A Phase I Study of LP-108 in Patients With Relapsed or Refractory B-cell Lymphoma

Per 2017 revised WHO lymphoma classification criteria, subject must have either:

• (Arm A) Diagnosed with relapsed or refractory CLL and require treatment in the opinion of the Investigator.
• (Arm B) Diagnosed with relapsed or refractory non-Hodgkin's lymphoma associated with B-cell proliferation (such as SLL \ MCL \ FL \ MZL \ DLBCL \ WM, etc.) in need of treatment.

Subject has an Eastern Cooperative Oncology Group (ECOG) performance score less than or equal to 1.

Subject must have adequate bone marrow function independent of growth factor support per local laboratory reference range at Screening.

Subject must have adequate coagulation, renal, and hepatic function, per local laboratory reference range at Screening.

All acute toxicity from previous anti-tumor treatment or surgery has been alleviated to NCI CTCAE 5.0 ≤ Grade 1.

All enrolled patients should take medically approved contraceptives during the entire treatment period and within 90 days after the end of treatment.

Subjects must be willing to provide valid diagnostic evidence or accept bone marrow biopsy before treatment and accept bone marrow biopsy after treatment start.

Patients with NHL who have undergone autologous stem cell transplantation must complete the transplantation operation for more than 6 months when enrolled, and have sufficient bone marrow function without relying on growth factor stimulation.

Volunteer and sign informed consent, willing to follow trial protocol.

According to the 2017 revised WHO Lymphoma Classification Criteria, patients diagnosed with the following diseases: Burkitt lymphoma or Burkitt-like lymphoma, lymphoblastic lymphoma/leukemia, and post-transplant lymphoproliferative disease(PTLD) .

Previously received other BCL-2 protein family inhibitors.

CLL subject has undergone an allogeneic or autologous stem cell transplant or NHL subject has undergone an allogeneic stem cell transplant.

Subjects who have received the following treatments within 4 weeks or 5 half-lives before the first dose of LP-108:

• Antitumor therapies including myelosuppressive chemotherapy, targeted therapy, biological therapy and / or immunotherapy;
• Any investigational treatment;
• Patients who have undergone major surgery, severe trauma or radiotherapy.

Subjects who have received the following treatments within 2 weeks before the first dose of LP-108:

• Steroids or traditional herbal medicine for antitumor purposes;
• Strong and moderate CYP3A4/5 inhibitors and inducers, P-gp inhibitors and CYP2C8 sensitive substrates;
• All drugs that may cause QTc interval prolongation or torsional tachycardia.

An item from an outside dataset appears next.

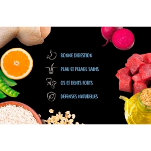 Frisches Fleisch von Hühnern und Truthühnern (15%), entwässertes Huhn, Erbsen (9%), Reis (8.5%), Mais, entwässertes Schweinefleisch, Weizen, Hühnerfett (5%),

Have had malignancies other than the indications targeted in this study in the past three years, except for basal cell carcinoma of the skin and cervical carcinoma in situ treated radically.

Any serious and / or uncontrolled systemic disease.

Poor cardiovascular function, in line with New York Heart Association (NYHA) cardiac function classification ≥ 2 or QTcF greater than 480ms on ≥ 3 independent ECG.

Disease states where clinical manifestations may be difficult to control, including

• HIV, HBV, HCV, syphilis positive or active bacterial and fungal infections;
• Disease affects the central nervous system with obvious symptoms;
• Autoimmune hemolytic anemia or Idiopathic thrombocytopenic purpura.

Any gastrointestinal conditions that may severely affect the study drug absorption or pharmacokinetic parameters.

Patients who were unable to discontinue taking CYP2C8 substrate repaglinide to control type 2 diabetes during the study.

Subjects who cannot tolerate urine collection, venipuncture, lymph node biopsy, and bone marrow aspiration.